ECHO’s operations shall be performed so as to avoid damage to any existing underground structures or equipment. At the completion
of the Work, it shall remove all of its waste materials and rubbish from and about each Project, as well as its tools, construction equipment,
machinery, and surplus materials shall clean all glass surfaces and shall leave that portion of each Project in which it is working “broom
clean” or its equivalent, except as otherwise provided and specified. If ECHO fails to comply with the provisions of this Section,
the CLIENT may do so, and the cost thereof shall be charged to ECHO and may be deducted from any payments due ECHO under this Agreement
(and any Project Order).
13.7
The provisions set forth in this Section 13 shall survive termination or expiration of this Agreement, as shall the provisions
set forth in Sections 4, 5, 6, 9, 10, 11, 12, 14, 15, 16, 17.
Section 14. Headings
14.1 Paragraph
headings herein are used solely for convenience and are not intended nor in any sense are to be given any weight in the construction of
this Agreement.
Section 15. Waiver
15.1 The
failure of any Party hereto to exercise the rights granted to such Party herein upon the occurrence of any of the contingencies set forth
in this Agreement shall not in any event constitute a waiver of any such rights upon the occurrence of any additional such contingencies.
Section 16. Full Power
16.1
Both Parties represent they have the full right and power to enter into this Agreement and perform all obligations to be performed
hereunder and to grant all rights hereunder granted without violating the legal or equitable rights of any other person or party.
16.2
ECHO hereby warrants and represents that (i) it will be authorized to do business in the State where each Project site is located;
(ii) it will be properly licensed to perform the Work by all necessary and appropriate governmental and public and quasi-public authorities
having jurisdiction over ECHO or the Work; (iii) its contractor’s license number shall be set forth in the Project Order; (iv) all
Subcontractors and suppliers are and shall be licensed in the State where each Project site is located in their respective trades to the
extent required by applicable law; (v) there is not currently pending (nor shall there be) any suit, action, claim, arbitration or legal
or administrative proceeding or governmental investigation against or affecting ECHO or ECHO’s performance of the Work; (vi) the
execution of this Agreement (and each Project Order) and performance hereof are within ECHO’s duly authorized powers; and (vii)

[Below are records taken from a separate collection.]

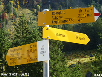 | Signalisation: gelbe Wegweiser mit weiss-rot-weisser Spitze, weiss-rot-weisse Markierungen |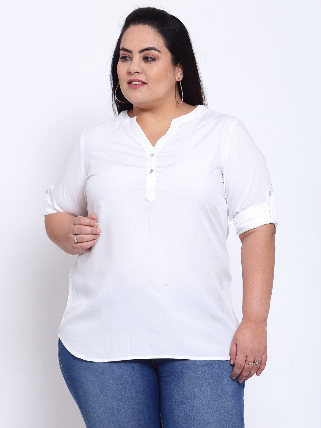 Plus Size Women White Mandarin Collar Shirt Style Top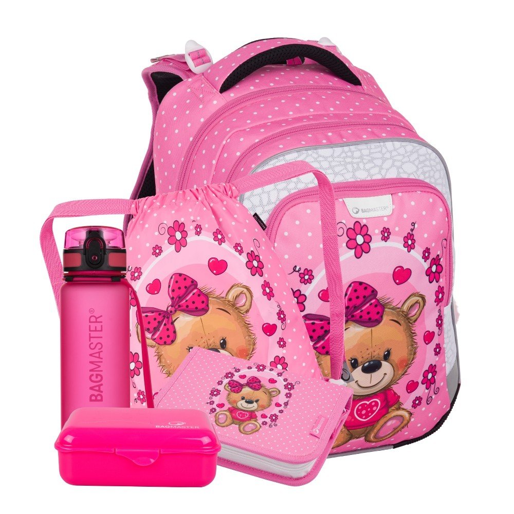 Tříkomorový prostorný batoh Lumi s medvídkem je ušitý tak, aby byl vhodný pro školačky od první do třetí třídy. Malé slečny ocení kromě obrázku tři prostorné komory a vychytaný organizér na cennosti. Rodiče zase reflexní prvky a odborně navržený zádový systém, který podporuje správné držení těla. Výbavu pro malou princeznu doplňuje penál, látkový vak a sladěný svačinový set.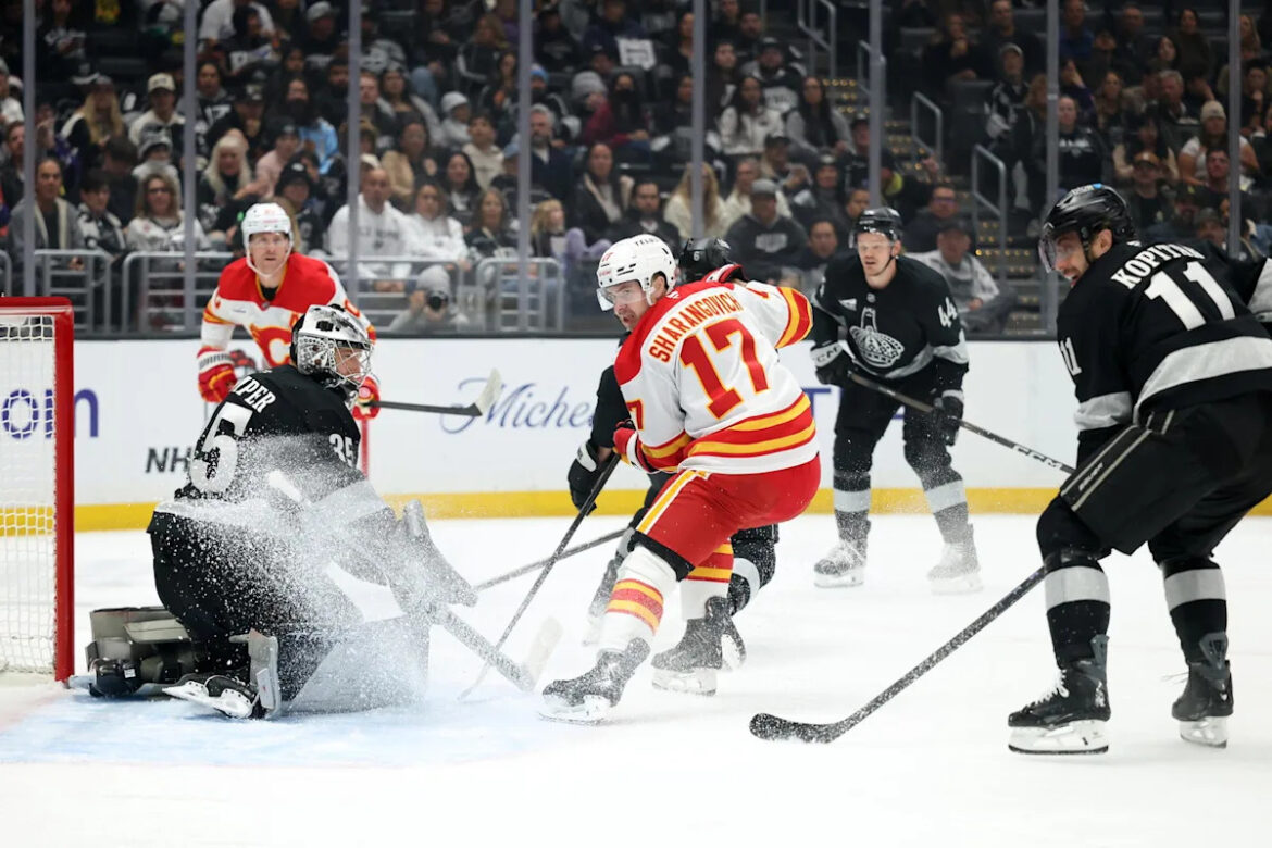 After the obvious kicking motion, Calgary centre Morgan Frost scored the game-winning goal just a few seconds later as the Flames edged the Kings 2-1, extending Los Angeles’ struggles to win at home 4-6-4 and close out games despite strong goaltending from Darcy Kuemper today and another early lead.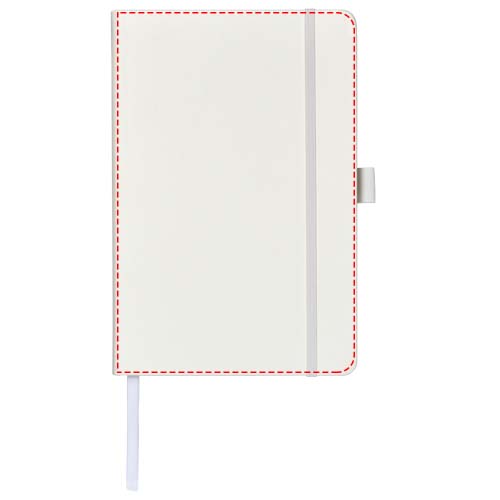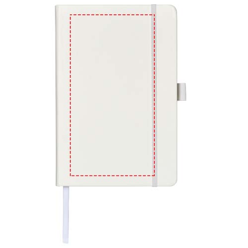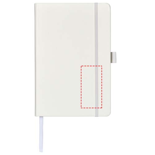Kunstleder-A5-Notizbuch (14,2 x 21,4 cm, Lederimitat) mit Gummiband, Farbband, Stiftschlaufe und Akkordeon-Tasche an der Rückseite. Enthält 96 Blätter cremefarbenes Papier in 80 g/m2 und wird in einem Journalbook mit weißer Hülle angeboten.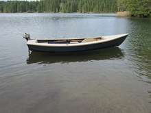 The boat? Ross Lillistone's First Mate. The boat is just over fifteen feet long and just over five feet wide. Designed for rowing and sailing. Its a very close relative of Lillistone's Phoenix III, but stitch and glue instead of lapstrake construction. I bought the plans and fittings at Duckworks.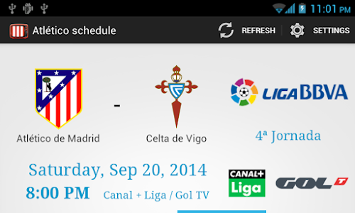 Also you can turn on notifications for the app you remember when the football game starts so you do not miss a match of Atletico
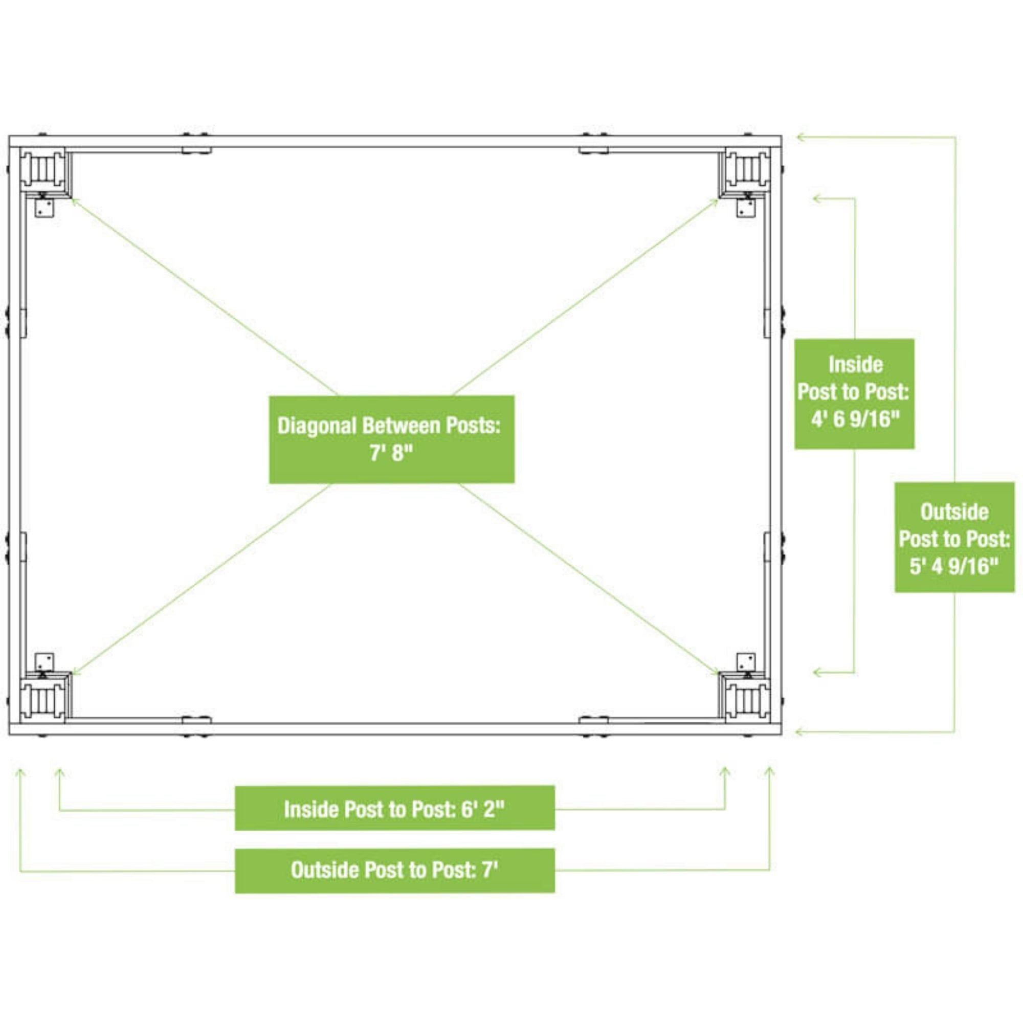 - Base Dimensions (outside to outside of posts): 5’ 9 9/16” L x 7’ W

it shall promptly notify CLIENT of any material change in any condition with respect to the Work or of any event or circumstance which
makes any representation or warranty of ECHO in this Agreement (or any Project Order) or elsewhere untrue or misleading, it being understood
that ECHO’s obligation to provide notice to CLIENT shall in no way relieve ECHO of any liability of ECHO.
Section 17. Governing Law / Jurisdiction
/ Venue
17.1
The laws of the State of New York shall govern the validity, interpretation, construction, performance, and enforcement of
this Agreement, regardless of any conflict of law principles; provided, however, the laws of the State in which a Project is located (without
regard to choice of law principles) shall control any disputes with respect to the Work performed by ECHO in connection with a specific
Project.
17.2
Arbitration.
(a)
CLIENT and ECHO agree that the sole and exclusive method, means and procedure to resolve any and all claims, disputes, controversies,
or disagreements arising out of or under or that are related to this Agreement (or any Project Order), or the breach, termination, enforcement,
interpretation or validity thereof, shall be the submittal of all such matters to arbitration in accordance with the terms of this Section
17.2. The parties hereby irrevocably waive any and all rights to the contrary and shall at all times conduct themselves in strict, full,
complete, and timely accordance with the terms of this Section 17.2 and all attempts to circumvent the terms of this Section 17.2 shall
be absolutely null and void and of no force or effect whatsoever. Any dispute to be arbitrated pursuant to the provisions of this Section
shall be determined by binding arbitration before a retired judge (the “Arbitrator”) under the auspices of JAMS. Such
arbitration shall be initiated by the parties, or either of them, within fifteen (15) days after either party sends written notice (the
“Arbitration Notice”), which written notice shall set forth the claim under dispute in reasonable detail, of a demand
to arbitrate by registered or certified mail to the other party and to JAMS. The Arbitration Notice shall contain a description of the
subject matter of the arbitration, the dispute with respect thereto, the amount involved, if any, and the remedy or determination sought.
The parties may agree on a retired judge from the JAMS panel. If they are unable to promptly agree, JAMS will provide a list of three
(3) available judges and each party may strike one. The remaining judge (or if there are two, the one selected by JAMS) will serve as
the Arbitrator. In the event that JAMS shall no longer exist or if JAMS fails or refuses to accept submission of such dispute, then the
dispute shall be resolved by binding arbitration before the ADR Services, Inc. under its Commercial Arbitration Rules then in effect.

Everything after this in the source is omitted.